## Exercise
Write out exactly the lines from the one containing "Nyilvános 1454 |" through the last line of the records below, including both.

(Extracted records)
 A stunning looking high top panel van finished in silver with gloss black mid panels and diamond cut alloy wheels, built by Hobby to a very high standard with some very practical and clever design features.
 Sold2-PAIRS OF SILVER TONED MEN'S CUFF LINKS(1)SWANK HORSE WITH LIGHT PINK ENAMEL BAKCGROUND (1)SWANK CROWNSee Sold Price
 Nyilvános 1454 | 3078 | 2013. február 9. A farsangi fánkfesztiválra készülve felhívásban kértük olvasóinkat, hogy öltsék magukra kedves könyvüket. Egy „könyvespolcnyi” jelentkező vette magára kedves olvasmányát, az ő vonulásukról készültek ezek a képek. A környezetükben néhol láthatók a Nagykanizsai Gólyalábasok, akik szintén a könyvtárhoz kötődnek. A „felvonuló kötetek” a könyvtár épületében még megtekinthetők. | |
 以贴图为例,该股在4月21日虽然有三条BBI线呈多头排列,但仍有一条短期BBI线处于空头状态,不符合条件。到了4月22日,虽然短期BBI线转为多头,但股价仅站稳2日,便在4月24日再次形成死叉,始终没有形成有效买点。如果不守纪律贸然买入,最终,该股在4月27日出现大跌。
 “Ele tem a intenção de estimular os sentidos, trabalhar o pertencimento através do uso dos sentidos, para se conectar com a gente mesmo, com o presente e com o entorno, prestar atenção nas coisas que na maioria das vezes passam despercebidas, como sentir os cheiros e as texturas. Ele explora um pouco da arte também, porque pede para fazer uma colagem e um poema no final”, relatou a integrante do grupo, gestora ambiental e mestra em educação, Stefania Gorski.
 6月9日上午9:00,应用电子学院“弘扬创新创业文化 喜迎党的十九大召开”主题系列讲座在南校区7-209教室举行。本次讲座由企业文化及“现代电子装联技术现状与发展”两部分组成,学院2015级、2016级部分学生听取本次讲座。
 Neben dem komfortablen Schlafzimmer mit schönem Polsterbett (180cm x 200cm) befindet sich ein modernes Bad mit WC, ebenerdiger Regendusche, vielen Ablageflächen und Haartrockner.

## Solution to this task
 Nyilvános 1454 | 3078 | 2013. február 9. A farsangi fánkfesztiválra készülve felhívásban kértük olvasóinkat, hogy öltsék magukra kedves könyvüket. Egy „könyvespolcnyi” jelentkező vette magára kedves olvasmányát, az ő vonulásukról készültek ezek a képek. A környezetükben néhol láthatók a Nagykanizsai Gólyalábasok, akik szintén a könyvtárhoz kötődnek. A „felvonuló kötetek” a könyvtár épületében még megtekinthetők. | |
 以贴图为例,该股在4月21日虽然有三条BBI线呈多头排列,但仍有一条短期BBI线处于空头状态,不符合条件。到了4月22日,虽然短期BBI线转为多头,但股价仅站稳2日,便在4月24日再次形成死叉,始终没有形成有效买点。如果不守纪律贸然买入,最终,该股在4月27日出现大跌。
 “Ele tem a intenção de estimular os sentidos, trabalhar o pertencimento através do uso dos sentidos, para se conectar com a gente mesmo, com o presente e com o entorno, prestar atenção nas coisas que na maioria das vezes passam despercebidas, como sentir os cheiros e as texturas. Ele explora um pouco da arte também, porque pede para fazer uma colagem e um poema no final”, relatou a integrante do grupo, gestora ambiental e mestra em educação, Stefania Gorski.
 6月9日上午9:00,应用电子学院“弘扬创新创业文化 喜迎党的十九大召开”主题系列讲座在南校区7-209教室举行。本次讲座由企业文化及“现代电子装联技术现状与发展”两部分组成,学院2015级、2016级部分学生听取本次讲座。
 Neben dem komfortablen Schlafzimmer mit schönem Polsterbett (180cm x 200cm) befindet sich ein modernes Bad mit WC, ebenerdiger Regendusche, vielen Ablageflächen und Haartrockner.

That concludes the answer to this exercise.